Common MERP exemptions include: (1) if the decedent was survived by: (a) a spouse, (b) child under 21, or (c) child of any age that is blind or disabled; (2) the estate is worth $10,000 or less; (3) the MERP claim is for $3,000 or less; or(4) there is an unmarried adult child that lived in the home with the decedent for at least 2 years. Other exemptions may apply based on the facts and circumstances of the estate and the financial resources of decedent's surviving family.

Avoiding Transfer Penalties

Medicaid’s rules state that a transfer of assets by the Applicant for less than equivalent value will result in a delay of eligibility. This is known as a “transfer penalty”. Medicaid imposes this penalty for any transfers for less than equivalent value that occurred within 5 years of when the person applied for Medicaid. This is known as the “Five Year Lookback” period. The length of the transfer penalty is based on the amount transferred. As of September 1, 2019, the transfer penalty was 1 day of eligibility for every $213.71 given away. Fortunately, Lady Bird Deeds do not cause a transfer penalty because they are revocable. This means the Applicant can safely convey their homestead using a Lady Bird Deed without jeopardizing their Medicaid eligibility.

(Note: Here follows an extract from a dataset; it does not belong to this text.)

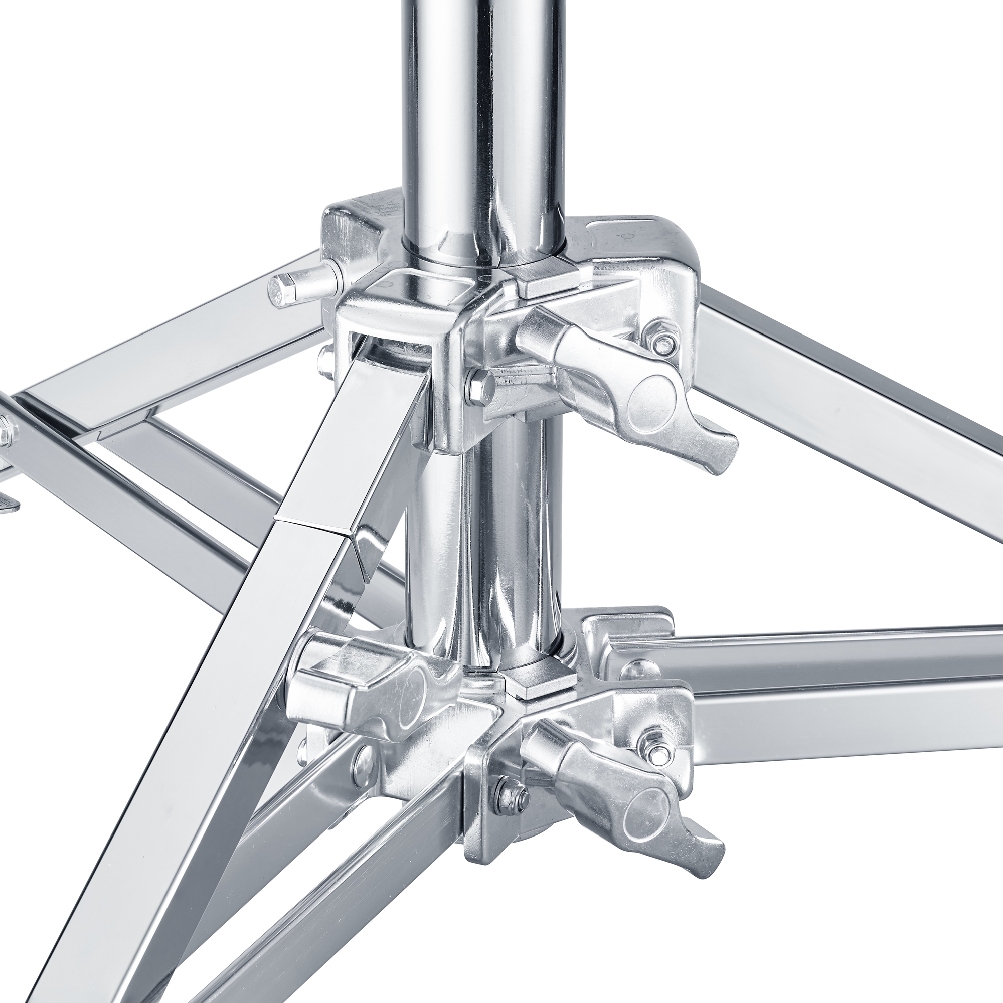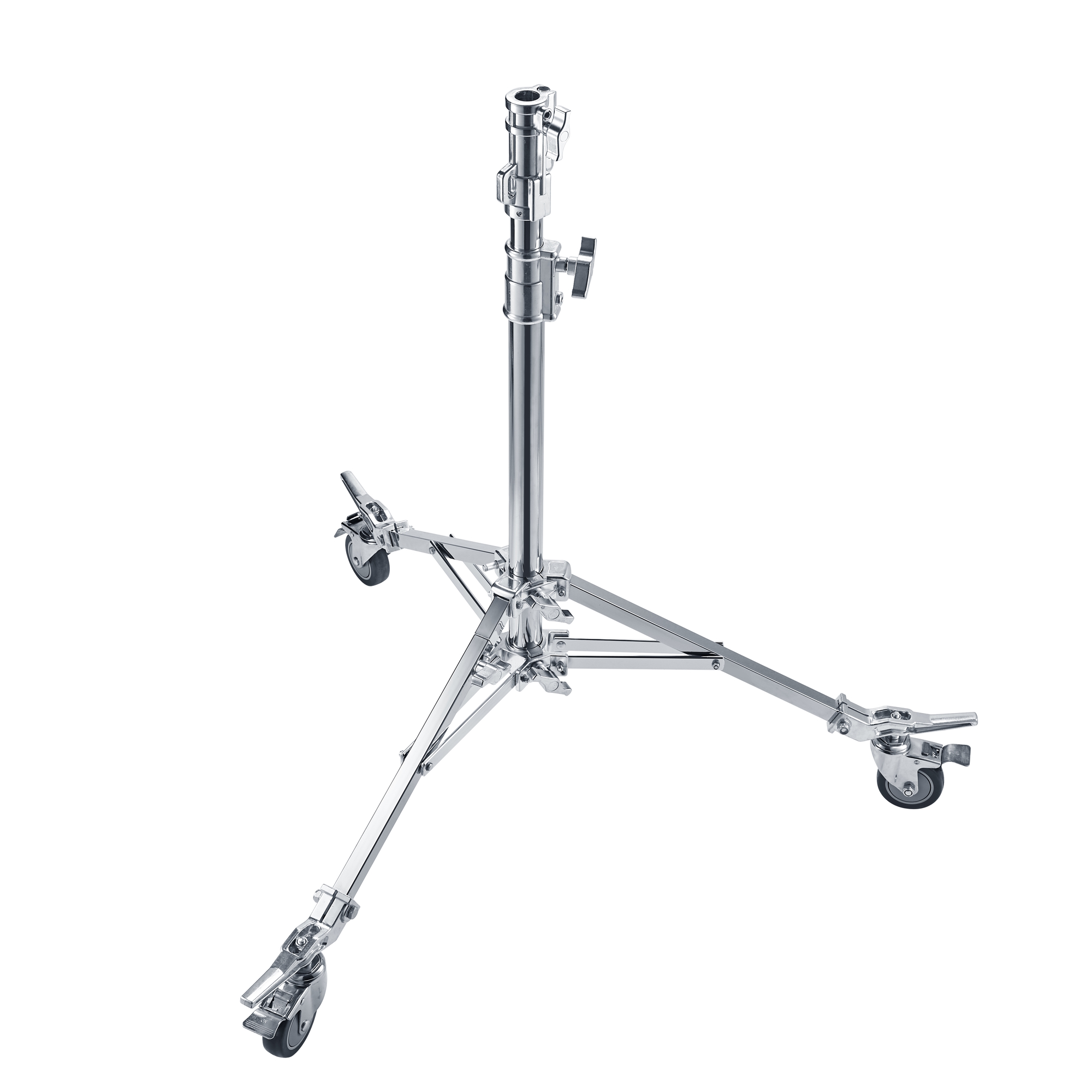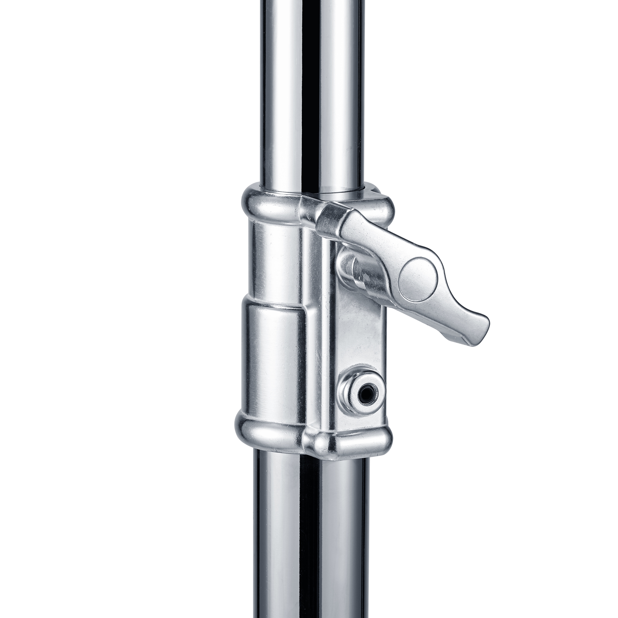 Высота стойки в рабочем состоянии от 92 см до 168 см обеспечивается выдвижением телескопической секции колонны с усиленными винтовыми зажимами. Секции колонны изготавливаются из трубы большого диаметра 42 и 48 мм, обеспечивающими высокую грузоподъемность. Секции оснащены пружинным амортизатором, который дает возможность безопасно поднимать и опускать установленное оборудование на необходимую высоту, не опасаясь последствий падения оборудования из-за случайного ослабления зажимов.

For example, John owns a home worth $350,000. He wants to apply for Medicaid, but he heard a rumor that he must get rid of all his assets to qualify. This rumor is false because Medicaid’s homestead exclusion rule allows John to keep his house and still qualify. But in a panic he signs a deed giving the home to his son William, who doesn’t pay anything in return. This results in a transfer penalty of 1,637 days ($350,000 / $213.71 = 1,637 days). John’s misinformed actions mean he may not be able to qualify for Medicaid for almost 4 ½ years!

Conclusion

Lady Bird Deeds are an invaluable tool for Medicaid planning. They allow families to protect and pass on their most prized asset – their home – without exposing it to forced sale by the State.